Combined Stimulation of STN and SNr for Resistant Freezing of Gait in Parkinson's Disease

54 patients with idiopathic Parkinson's disease and freezing of gait resistant to subthalamic nucleus stimulation and dopaminergic medication will be included into this multicentre randomised controlled double-blinded parallel group clinical trial. The treatment consists of two different stimulation settings using (i) conventional stimulation of the subthalamic nucleus \[standard STN\] as active comparator and (ii) combined stimulation of active electrode contacts located in both the subthalamic nucleus and substantia nigra pars reticulata \[STN+SNr\].

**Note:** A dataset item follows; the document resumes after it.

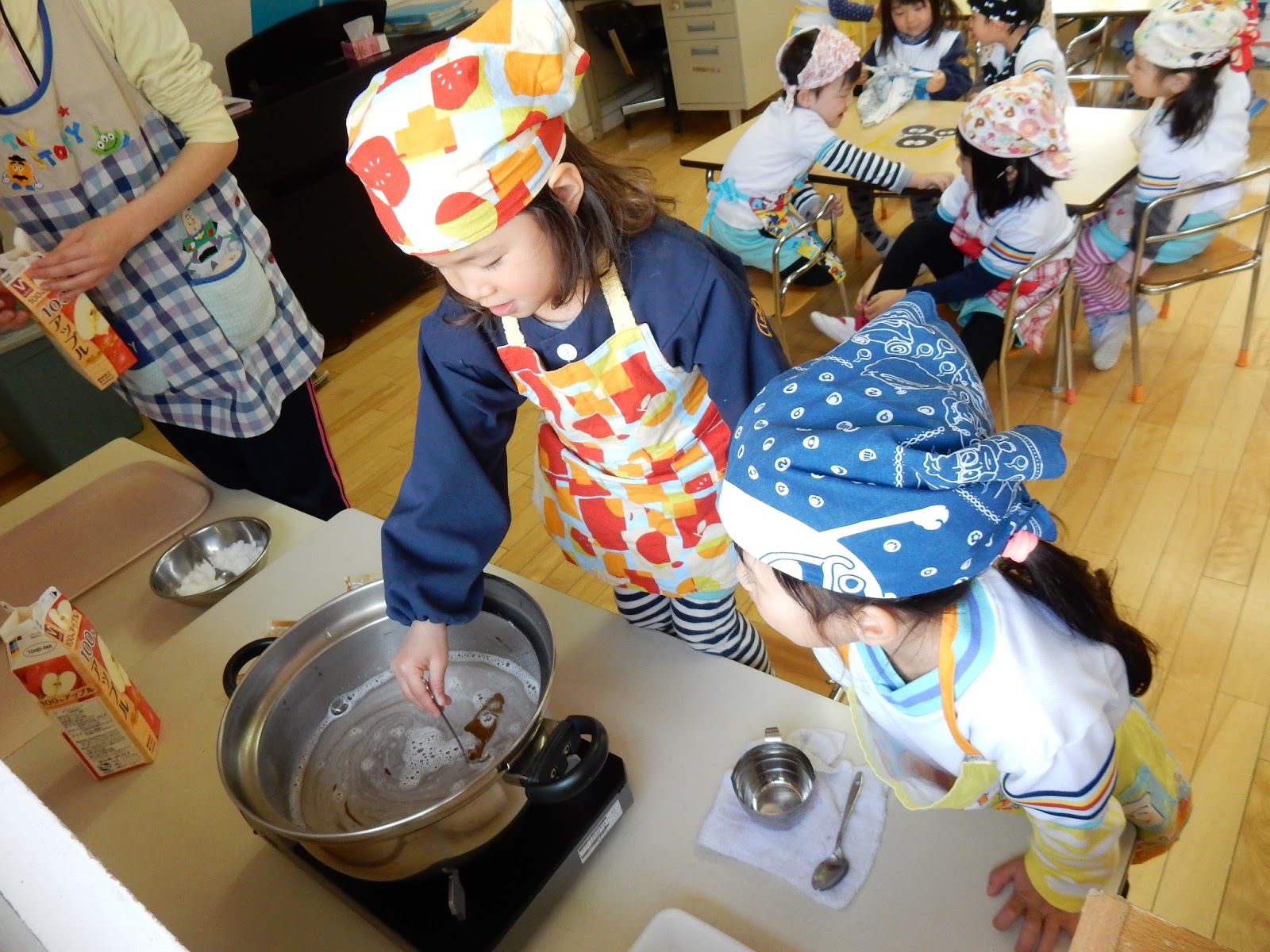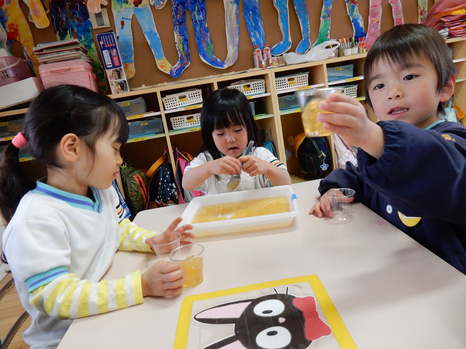 鍋に入っているのは、りんごジュースです。ここに、ゼラチンの粉を入れ火にかけ、溶かしていきます。まぜまぜ…りんごの他に、ぶどうジュースも使って、2色のぜりーをつくります。甘くてとってもいい匂いが廊下までただよってきました!

The primary endpoint of this study is to investigate the efficacy and safety of combined \[STN+SNr\] stimulation by "interleaving stimulation" as compared to \[standardSTN\] after 3 months on refractory freezing of gait (FOG). The Trial is designed as superiority study with an 80% power to detect a mean improvement of 4.7 points on the Freezing of Gait Assessment Course (Ziegler et al., 2010) with one-tailed P \< 0.2. To this end 54 patients will be studied. After a common baseline assessment in \[standardSTN\], patients will be randomized to either \[standardSTN\] or \[STN+SNr\] in 1:1 ratio (27 per arm). The primary endpoint assessment is scheduled 90 days from baseline assessment (V6). Additional interim visits are scheduled for secondary purpose from baseline at day 2 (V2), day 8 (V3), day 21 (V4), day 42 (V5). The rationale for this study comes from our previous phase II trial (Weiss et al., 2013) in which we have observed an improvement of freezing of gait from combined STN+SNr stimulation as secondary endpoint compared with standard STN stimulation at three-week follow-up. Secondary outcome measures include anamnestic assessments on freezing of gait and falls, balance, quality of life, neuropsychiatric symptoms and suicidality.